An project called Food Early Solutions for Africa (FESA) has been working on validating a microinsurance product for African farmers which will use satellite technology to measure drought conditions. This allows them to create an index against which a microinsurance drought product can be triggered.
Their approach is based on collecting Meteosat data for temperature, radiation and evapotranspiration which are then used to generate crop yield estimates or indices. From this they can derive drought probability statistics for each location on a 3km grid. In particular this project is using relative evapotranspiration and relative yield as the main indicators for drought and crop failure.
The first phase of this pilot has now been completed and published in a paper. The study concluded that Meteosat relative evapotranspiration is the most suitable index for drought insurance as it has the lowest basis risk, represents water use by crops and is closely tied to crop growth.
They aim to break the region down into climatic zones where each has a specific sowing window and a specific relative evapotranspiration trigger derived from the historical database they have created.
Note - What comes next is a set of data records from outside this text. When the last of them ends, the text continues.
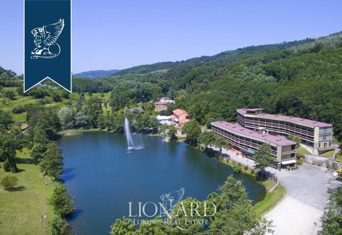 This luxury hotel overlooking its own suggestive lake is for sale on the green hills near Pistoia. Built in the 1970s this prestigious hotel is made of two separate estates which host the bedrooms, one has three floors while the other has five. There is then another two storey building with a restaurant, a conference room, a basement floor, and a big outdoor swimming pool. A further two storey 130 m2 building is home to other bedrooms, for a total of 89 rooms which can accommodate up to 200 guests. The whole complex is equipped with a big parking area. Plots of land with grass are also part of this property, with a total surface of around 3.9 hectares.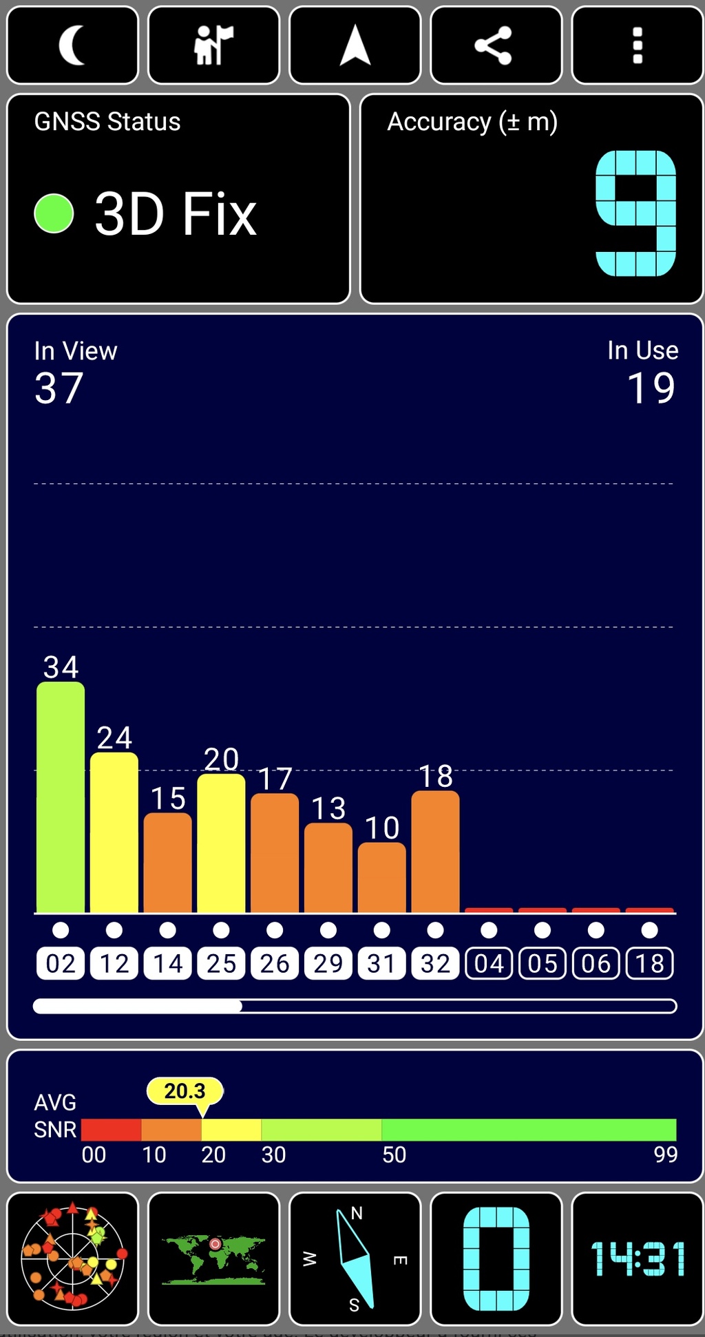 Ici je te montre une précision de 9 mètres avec 37 satellites visibles et 19 utilisés sur un smartphone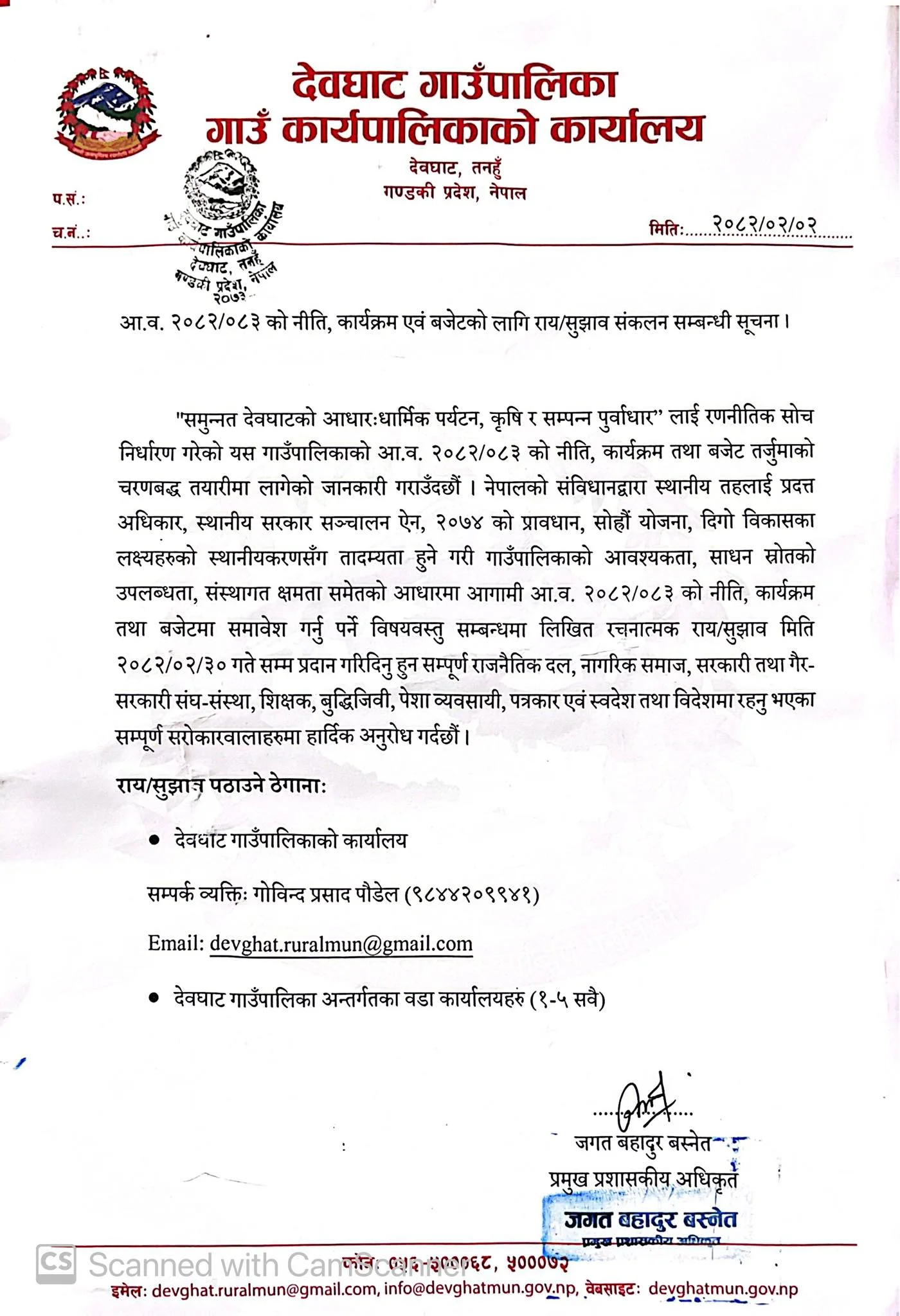 देवघाट गाउँपालिकाले आगामी आर्थिक वर्ष २०८२÷०८३ को नीति, कार्यक्रम एवं बजेटको लागि राय सुझाव पठाउन नागरिकहरुमा अनुरोध गरेको छ ।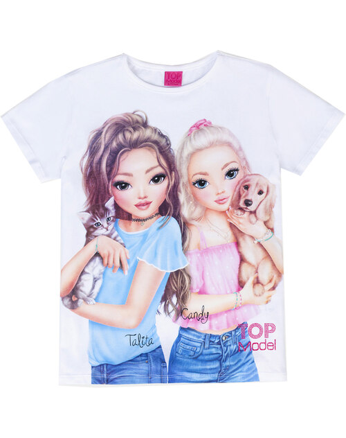 TOPModel T-Shirt Kurzarm TALITA & CANDY Furry Friends aus Baumwolle - Bright White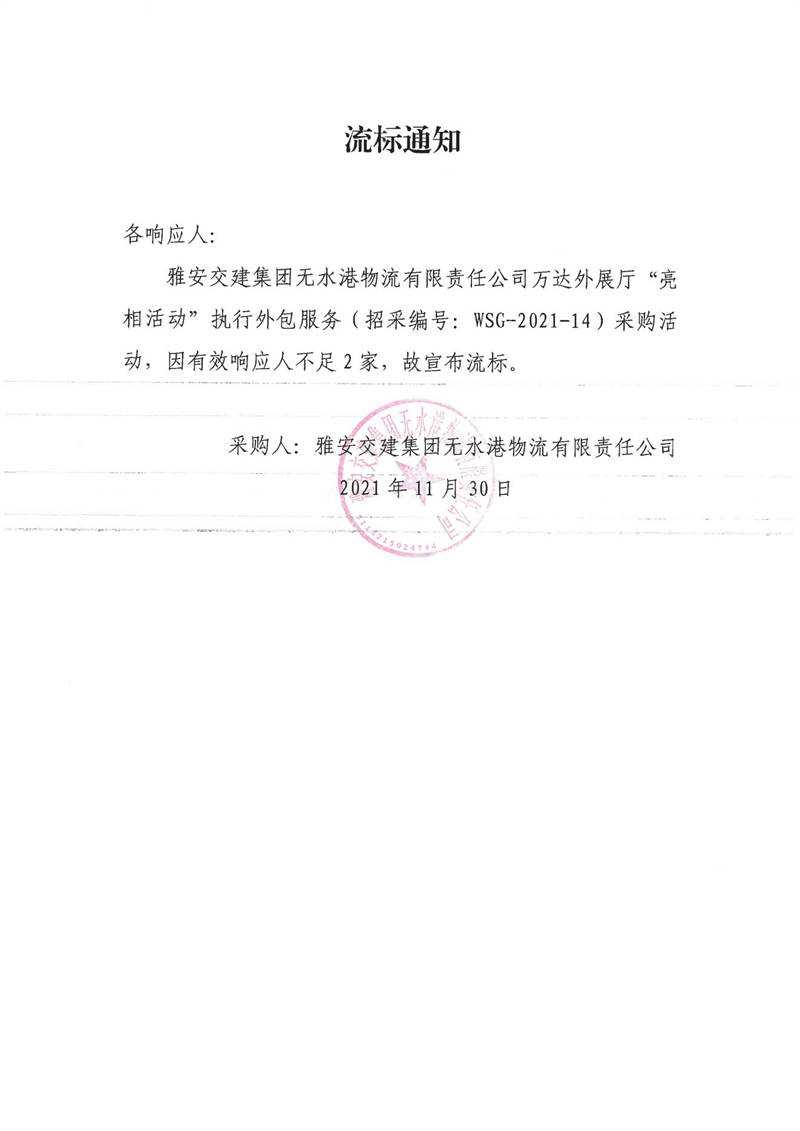 雅安交建集團無水港物流有限責(zé)任公司萬達外展廳“亮相活動”執(zhí)行外包服務(wù)流標(biāo)通知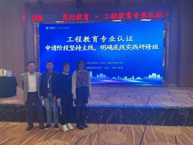 为了做好工程教育专业认证相关工作,由院长助理王育齐老师带领系主任魏葆雅、魏志森,教研室主任许晴媛等老师参加了3月10至13日在昆明举办的《工程教育专业认证·申请阶段坚持主线、明确底线实践研修班》认证培训。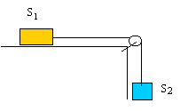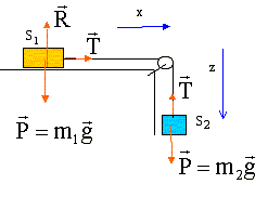 La masse de la poulie étant négligeable, les deux solides ont la même accélération et les tensions sont identiques. écrire la seconde loi de Newton : pour S1 suivant l'axe x : T=m1a pour S2 suivant l'axe z : -T+m2g=m2a ; T = m2(g-a) m1a =m2(g-a) d'où a = m2g / (m1+m2).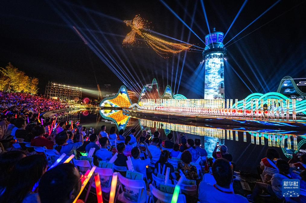 9月16日,第十四届中国长江三峡国际旅游节开幕式在湖北省宜昌市灯塔广场举行,观众在欣赏开幕式表演。

From this they say a single fixed premium parametric contract becomes feasible, where only the location of the insured has to be determined and contract parameters can then be read to determine claims.
It sounds like another interesting development which could be of great benefit to the population of drought prone regions of the world. Clever use of technology (such as satellites) could prove to be the factor that makes microinsurance feasible and affordable for both insurers and the insureds.